Kemampuan individu menanggulangi kecemasan secara konstruksi merupakan

faktor utama yang membuat klien berperilaku patologis atau tidak. Bila individu

sedang mengalami kecemasan ia mencoba menetralisasi, mengingkari atau

meniadakan kecemasan dengan mengembangkan pola koping. Pada kecemasan

ringan, mekanisme koping yang biasanya digunakan adalah menangis, tidur,

makan, tertawa, berkhayal, memaki, merokok, olahraga, mengurangi kontak mata

dengan orang lain, membatasi diri pada orang lain (Suliswati, 2005). Mekanisme

koping untuk mengatasi kecemasan sedang, berat dan panik membutuhkan banyak

energi. Menurut Suliswati (2005), mekanisme koping yang dapat dilakukan ada

dua jenis, yaitu :

a. Task oriented reaction atau reaksi yang berorientasi pada tugas. Tujuan

yang ingin dicapai dengan melakukan koping ini adalah individu

mencoba menghadapi kenyataan tuntutan stress dengan menilai secara

objektif ditujukan untuk mengatasi masalah, memulihkan konflik dan

memenuhi kebutuhan.

b. Perilaku menyerang digunakan untuk mengubah atau mengatasi

hambatan pemenuhan kebutuhan.

c. Perilaku menarik diri digunakan baik secara fisik maupun psikologik

untuk memindahkan seseorang dari sumber stress.

d. Perilaku kompromi digunakan untuk mengubah cara seseorang

mengoperasikan, mengganti tujuan, atau mengorbankan aspek

kebutuhan personal seseorang. 

e. Ego oriented reaction atau reaksi berorientasi pada ego.

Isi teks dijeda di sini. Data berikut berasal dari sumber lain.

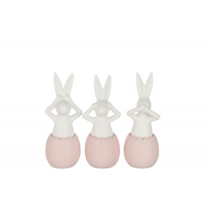 Set de 3 lapins de la sagesse en céramique rose 9x9x25 cm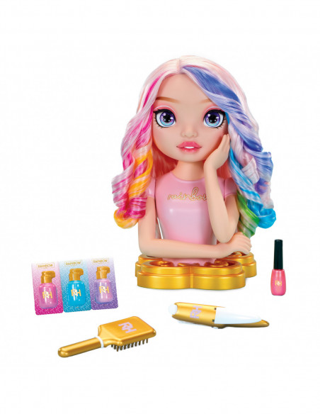 Esimene Rainbow High Styling Head 4in1 mängukomplekt sisaldab meie enimmüüdud ja fännide lemmikfiguuri Bella. Nüüd on sinu kord stiliseerida, värvida ja mängida ikka ja jälle. See mängukomplekt loob lõputu fantaasiarikka mängu.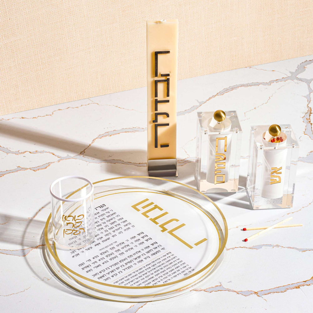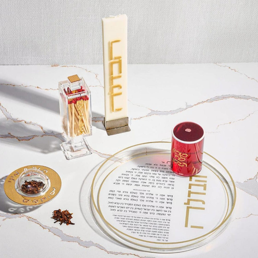 is a gorgeous must-have for your Motzei Shabbos. Enhance your Havdalah with this set including a square match holder, minimalist Havdalah candle, classic 2.0 Havdalah plate, die-cut Besamim jar and minimalist wine decanter.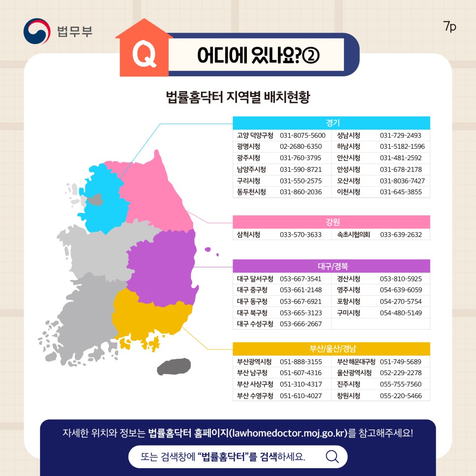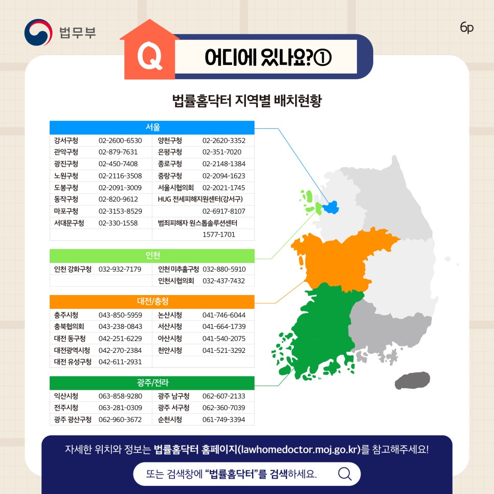 자세한 위치와 정보는 법률홈닥터 홈페이지(https://lawhomedoctor.moj.go.kr)를 참고하시거나 또는 검색창에 “법률홈닥터”를 검색하시길 바랍니다.

Koping ini

tidak selalu sukses dalam mengatasi masalah. Mekanisme ini

seringkali digunakan untuk melindungi diri, sehingga disebut

mekanisme pertahanan ego diri biasanya mekanisme ini tidak

membantu untuk mengatasi masalah secara realita. Untuk menilai

penggunaan makanisme pertahanan individu apakah adaptif atau tidak

adaptif, perlu di evaluasi hal-hal berikut :

f. Perawat dapat mengenali secara akurat penggunaan mekanisme

pertahanan klien.

g. Tingkat penggunaan mekanisme pertahanan diri terebut apa

pengaruhnya terhadap disorganisasi kepribadian.

h. Pengaruh penggunaan mekanisme pertahanan terhadap kemajuan

kesehatan klien.

i. Alasan klien menggunakan mekanisme pertahanan.